In order for the saved changes to take effect, netsh command-line commands may have to be run and services may have to be restarted, depending on what changes were done. Click the Apply Config button to have the netsh commands run and services restarted automatically. This is the recommended course of action.

Changes can be applied manually later as well, if desired. When changes were saved in step 1, two files were created in the QMS installation folder: QMSConfig_NextSteps.txt and QMS_ports_update.bat. Open the QMSConfig_NextSteps.txt file to review what actions need to be done for the security configuration to be complete.

The QMS_ports_update.bat file is a batch script containing the netsh commands that need to be run as an Administrator as part of the Next Steps document. For even more granular control, it is possible to open a command prompt window as an Administrator, then cut-and-paste or manually type each individual command into the command prompt window.

How to Export and Import a Certificate

On the machine you wish to export the certificate from:

In a Command Prompt Window, type in “mmc.exe”. Click Yes. Microsoft Management Console will appear.
From the File menu, select Add/Remove Snap-in.
In the Add or Remove Snap-ins list, select Certificates and click Add.
On the Certificates snap-in dialog, select Computer Account option and click Next.
On the Select Computer dialog, select Local Computer and click Finish.
On the Add or Remove Snap-ins list. Click OK.
On the left side on the Microsoft Management Console screen, expand Certificates (Local Computer).
Find the certificate you wish to export. The certificates created above would typically be stored in the Personal certificate store.
Right click on the certificate and select Open.
Select the Details tab and click on the Copy to File… button.
The Welcome to the Certificate Export Wizard screen will appear. Click Next.
The Export Private Key screen will appear. Select No, do not export the private key. Click Next.
The Export File Format screen will appear. Select DER encoded binary X.509 (.CER). Click Next.
The File to Export screen will appear. Enter a location and filename to use to export the certificate to. Click Next.
The Completing the Certificate Export Wizard screen will appear. Click Finish.

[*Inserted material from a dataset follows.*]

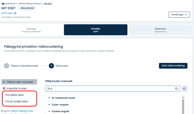 Når du opretter en ny risikovurdering, kan du nu kopiere trusler og sikkerhedsforanstaltninger enten fra et andet aktiv eller fra aktivets eksisterende vurdering af privatliv/sikkerhed. |
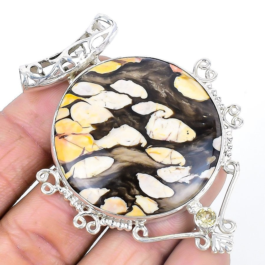Natural Peanut Wood Jasper Daughter Trendy Art Deco Pendant Jewelry Solid Silver

Once the certificate has been exported, you can now import that certificate to another machine. On the machine you wish to import the certificate to:

Copy the certificate file created above to the machine you wish to import the certificate on.
In a Command Prompt Window, type in “mmc.exe”. Click Yes. Microsoft Management Console will appear.
From the File menu, select Add/Remove Snap-in.
In the Add or Remove Snap-ins list, select Certificates and click Add.
On the Certificates snap-in dialog, select Computer Account option and click Next.
On the Select Computer dialog, select Local Computer and click Finish.
On the Add or Remove Snap-ins list. Click OK.
On the left side on the Microsoft Management Console screen, expand Certificates (Local Computer).
Right click Personal immediately below Certificates (Local Computer) and select All Tasks > Import…
The Welcome to the Certificate Import Wizard screen will appear. Click Next.
The File to Import screen will appear. Select the certificate file to be imported. Click Next.
The Certificate Store screen will appear. Select Place all certificates in the following store and enter Personal as the Certificate Store. Click Next.
The Completing the Certificate Import Wizard screen will appear. Click Finish.